This principle can be used to instantiate and call any other test script. The only requirement is to initialize the test script instance context through setContext() before you start calling its methods.

A Java test script can be executed in several ways:
  1. From the T-Plan Robot Enterprise GUI.  See the Executing Test Scripts help topic.

  2. Through the T-Plan Robot Enterprise CLI. The Java source code (a .java file) can be specified as argument of the -r option.
  3. Through a call of the Run command from a TPR test script. This mechanism is described in the Java Test Scripts And TPR chapter.

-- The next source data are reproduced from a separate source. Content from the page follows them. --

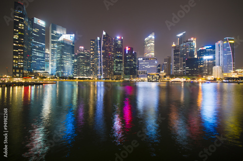 © Sunanta, Naklejka premium modern building of cityscape in singapore at night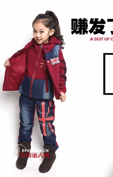 三件套除了有套头的卫衣外,还有带拉链的三件套哦,酒红色是今天最流行的颜色之一,酒红色拼接牛仔颜色,拼接的三件套款式,是不是更具特色呢?同样的拉链卫衣搭配卫衣马甲,加绒裤子,一双雪地靴搞定冬季装扮。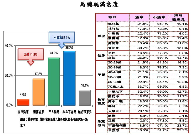 有關馬英九的不滿意度方面,雖這次調查結果較去年十二月稍好,下降6.1個百分點,但整體而言仍高達68.1%。尤其30-39歲及40-49歲兩個族群,對馬英九的不滿意度分別為76.7%及70.8%;而且泛藍群眾對馬英九仍有47.8%不滿意度。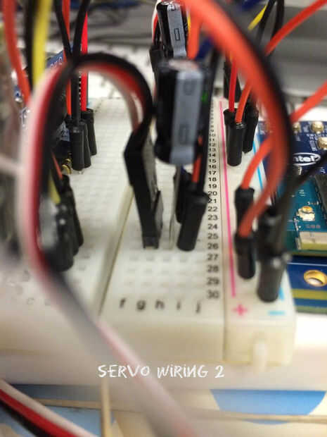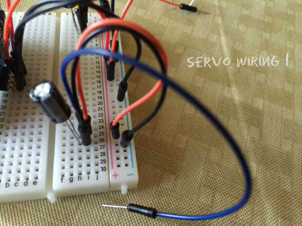 A continuación os mostramos el cableado necesario para conectar el cable de servo--conexión de 3 pines que salen del servo-rojo (vcc), black(ground) y en mi caso white(signal). La imagen (cableado 1 Servo) muestra el capacitor de 220uF conectado entre vcc y tierra – esto es necesario para cada servo con el fin de evitar los problemas de voltaje. Como estamos usando la misma fuente de la batería para alimentar los servos y la Junta; en rover repentina vuelta de direcciones, puede haber picos de corriente que puede causar que el tablero reciclar si no proporcionamos un condensador considerable (220uF funciona bien en nuestro caso). Las imágenes muestran el cableado para 1 servo sin el cable del servo conectado (Servo cableado 1); con el servo cable conectado (Servo cableado 2) y luego conexión los cables de servo.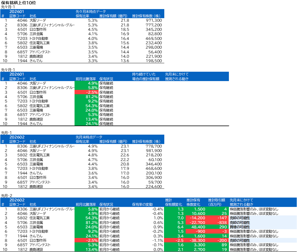 先月の保有内4位の三井金属は今月も4位でしたが、騰落率と保有額からの推計によると売却があったと思われます。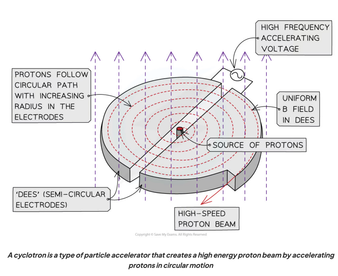 a type of particle accelerator that accelerates charged particles (eg. protons) from their centre along a spiral path

  4. Test scripts having the main() method can be also executed as standalone Java programs either from the command line or from the IDE. It is required that the method creates an automation runnable from a script instance through createAutomationRunnable() and runs it through a call of its run() method or starts it as a thread within a Thread class instance.
  5. The code employed by the main() method can be used to start Robot automated processes from any 3rd party Java applications. It can be also reused to start multiple automated processes in parallel, in a sequence or in a combination of both. For an example see the Program Level Execution And Load Testing topic in our online tutorial.

4. Script Body Development

To develop the test script body take advantage of the Robot's GUI tools described in the Script Editor help topic. Release 3.0 has made most of the GUI features support Java the same way as the TPR format except for the ones listed below. These will be addressed gradually in the 3.x and 3.0.x update releases.

Feature
Status
Export Script Comments
Not yet supported for Java test scripts.
Execute Selection
(the ability to select a block of code and execute it)
Supported since the 3.1 release.
Import from T-Plan Professional Supported since the 3.0.1 release.
Var/Eval Commands
There are no GUI components (property windows) allowing to create Java equivalents of the Var/Eval commands. One has to code them manually as getContext().setVariable() or one of the  getContext().setVariableAs...() methods.
View Script Images
(the ability to view component images used by a script in the Project View)
Not yet supported for Java test scripts.


5. Optional Capabilities

Java test scripts may optionally implement two listener interfaces compatible with the Fallback Procedures known from the TPR language:

Listener Interface
Description
com.tplan.robot.scripting.DisconnectListener Declares methods to be called when a connection to the desktop is unexpectedly interrupted during a script execution. This allows to set up central point of I/O error handling and/or eventual custom connection recovery where the standard Connection Recovery mechanism can't be used.
com.tplan.robot.scripting.ComparisonFailureListener Declares methods to be called when an image comparison performed through the compareTo(), waitFor() or screenshot() method fails. This allows to set up central point of handling of comparison errors. For example, the script may rely on a large number of image comparison operations used to locate components on the screen to work with. Instead of testing the result of each comparison for failure the script may set up a central point of failure through this interface.

There's no need to register the class as a listener anywhere. A mere implementation of these interfaces by the test script class is sufficient to receive the specified events.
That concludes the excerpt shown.